Das ist passiert: Bei einem Fussballturnier im westafrikanischen Guinea ist am Sonntagabend eine Massenpanik unter Fussballfans ausgebrochen. Dabei seien 56 Menschen gestorben und zahlreiche weitere verletzt worden – darunter auch Kinder und Jugendliche, teilte Guineas Regierung mit. Auslöser war eine rote Karte, die der Schiedsrichter in der 84. Spielminute einem Spieler aus der Stadt Labe zeigte. Dessen Fans begannen daraufhin, Steine zu werfen. Sicherheitskräfte setzten Tränengas ein, worauf unter den Zuschauern Panik ausbrach. Lokale Medien berichteten, dass die Zugänge zum Stadion durch die Menschenmassen versperrt wurden. In den sozialen Medien kursierten Berichte, denen zufolge das Eingangstor blockiert war.
Das Fussballturnier: Das Lokalturnier fand in der Stadt Nzérékoré statt und war kein Spiel innerhalb der normalen Ligen oder Fussballturniere des Landes. Es war Teil einer Kampagne der in Guinea herrschenden Militärjunta unter der Führung von Mamady Doumbouya. In den vergangenen Wochen habe es mehrere solcher Fussballturniere zu Ehren des Präsidenten gegeben, sagt Bettina Rühl, freie Afrikakorrespondentin mit Sitz in Nairobi. «Doumbouya hat sich 2021 an die Macht geputscht und will nun offenbar mit diesen Spielen sein Image in der Öffentlichkeit verbessern.»
Deshalb gibt es die Turniere: Örtliche Medien mutmassen, dass diese Fussballturniere mit einer möglichen Kandidatur des Juntachefs bei den Präsidentschaftswahlen zusammenhängen könnten. Diese Vermutung hegt auch Rühl. «Es gibt Ankündigungen für Wahlen im Jahr 2025, allerdings ohne konkreten Termin.» Das Land habe noch keine gültige Verfassung, sondern nur einen Verfassungsentwurf. «Bisher war es ausgeschlossen, dass Militärs hohe politische Ämter übernehmen.» Dies wolle Doumbouya umgehen, sagt Rühl. «Er will sich die Möglichkeit einräumen, kandidieren zu können.» Das sei umstritten. Nun gebe es aber erste Vorstösse, auch von seinen Anhängern, die eine Kandidatur unterstützen.

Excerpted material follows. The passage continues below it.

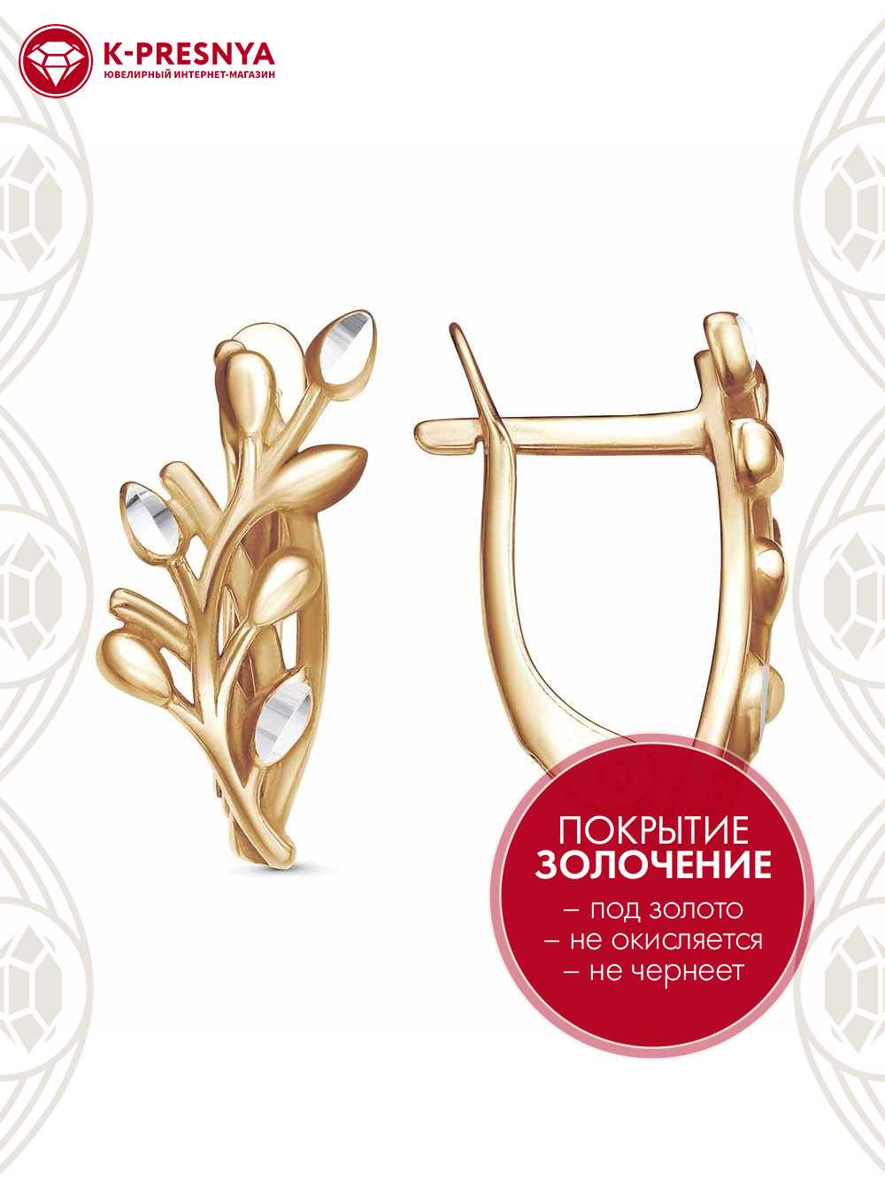Серьги серебро 925 пробы, покрытие - золочение, отделка - алмазная грань, без вставок

Die Verbindung zwischen Fussball und Politik: Fussball sei in Guinea und anderen afrikanischen Staaten unglaublich beliebt, sagt die freie Journalistin. «Wenn die Politik versucht, in diesem Feld zu punkten, dann ist das relativ einfach.» In den vergangenen Wochen und Monaten habe es immer wieder Vorwürfe gegeben, dass Politiker ihre Günstlinge auf prominente Posten im Fussball gebracht hätten. «Es scheint eine Tendenz zu geben, dass die Politik versucht, in die Fussballwelt hineinzuregieren, und das buchstäblich.» Dies sei gut für das Image der Politiker, so Rühl. Werde über die Fussballereignisse positiv berichtet, so sei dies auch mit Blick auf die Politiker und ihre Günstlinge der Fall.

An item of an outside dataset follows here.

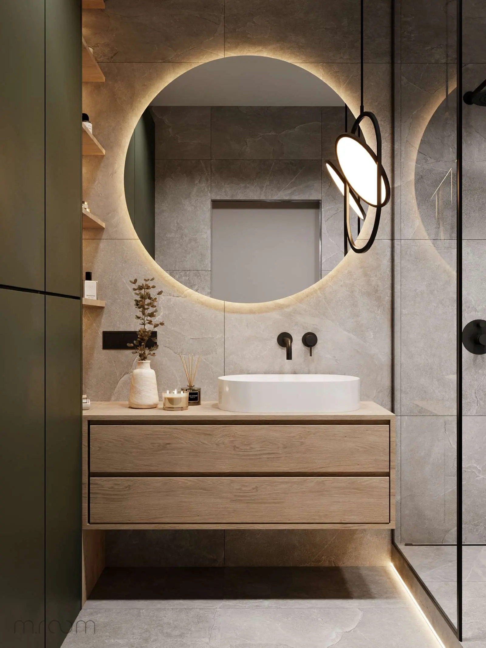 Łazienka tworzy spójną koncepcję do całego mieszkania. Widzimy konsekwencję w wyborze kolorystyki oraz materiałów. Płytkami architekt wydzieliła strefy. Strefa umywalkowa z dużym okrągłym lustrem została wyłożona szarymi, przecieranymi płytkami. Te same płytki znajdują się również w strefie prysznicowej.

Drohen dem Juntachef Konsequenzen? «Ich kann mir nicht vorstellen, dass die Massenpanik irgendwelche politischen Konsequenzen für Doumbouya haben wird», sagt Rühl. Der Juntachef, der seinem Vorgänger nicht nur Korruption, sondern auch Menschenrechtsverletzungen vorgeworfen habe, gehe in letzter Zeit selber immer schärfer gegen die Opposition vor und setze Menschenrechte aus. «Im Februar gab es einen Generalstreik, bei dem zwei Menschen von Sicherheitskräften erschossen wurden. Das ist bislang ohne Folgen geblieben», sagt Rühl und ergänzt: «Auch deshalb ist vielleicht die Stimmung bei Fussballspielen so schnell so aufgeheizt.»